Los beduinos desarrollaron reglas de hospitalidad, las cuales
variaban, pero por lo general requerían que cualquier persona que llegara al
campamento y que no fuera un enemigo jurado, éste debía ser recibido y
alimentado por un mínimo de 3 días. El jefe de la tribu demostraba su honor y
su riqueza a través de la hospitalidad hacia los forasteros. La comida era
servida primero a los invitados y luego compartida por todos los hombres presentes
en una olla en común, luego comían en otra tienda, las mujeres y los niños. Se
comía con las manos y solo debía usarse la mano derecha.
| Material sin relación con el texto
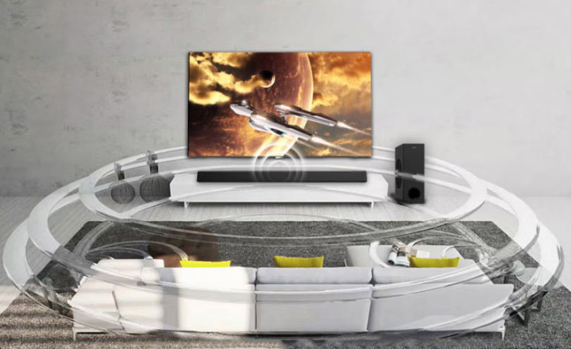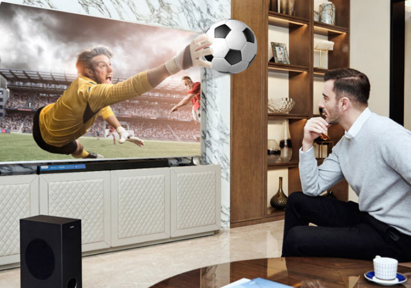 音效方面,杜比数字+(Dolby DigitalPlus)技术,轻松营造出全方位的沉浸式音效。无论您是在观看电影、电视节目、在线视频还是音乐会都可始终确保您享受一致的音质。同时,凭借300W强劲功率,带来震撼的影院级音效让客厅秒变影院,声场更加立体饱满,立体音效轻松覆盖,50m2的大客厅。

Al terminar llegaba uno de los ritos más importantes. El del café. El
café o kahwa era la principal bebida
social. El momento en el que se tomaba era el de intercambio de historias y
noticias. Los jeques anfitriones solían preparar el café para sus invitados
personalmente, tostando, moliendo e hirviéndolo y sirviéndolo con alegría a sus
huéspedes tras sazonarlos con cardamomo, azafrán, agua de rosas o jengibre y
ofreciendo dátiles para acompañarlo.
En el rito del café, es costumbre servir 3 veces a los huéspedes. Es
considerado educado aceptar estas tres tacitas de café, cada una es suficiente
para un sorbo. La primera es la taza del visitante, que honra al recién
llegado. La segunda es la taza de la espada, que honra la bravura de los
hombres beduinos y la tercera es la taza del ánimo, que simboliza el buen
humor. Al terminar las tres tazas el visitante debe agitar su vaso vacío en
señal de que ya han bebido suficiente.
Los beduinos también tomaban te. Y este brebaje tenía su propia
ceremonia. También se lo servía tres veces, la primera para los anfitriones, la
segunda para uno mismo y la última para Allah. Cada vez se los hervía de manera
diferente y se le agregaban distintas cantidades de azúcar que correspondían a
las tres grandes emociones que se intercambiaban. La primera taza se sirve amarga,
como la vida; la segunda, dulce como el amor y la tercera, suave como la
muerte.
Como bien lo dijo el poeta italiano Gabriel Ungaretti “El beduino tienen un canto que mezcla los
gritos fugitivos de las bestias partidas de múltiples e indeterminados lugares,
el silencio de la alta luna, lo vuelos de largas sombras sobre la nube solar,
después del crepúsculo ondeante como para siempre su arena: y la cantinela
hecha de una sola palabra repetida hasta el infinito, ¿donde, donde, donde?”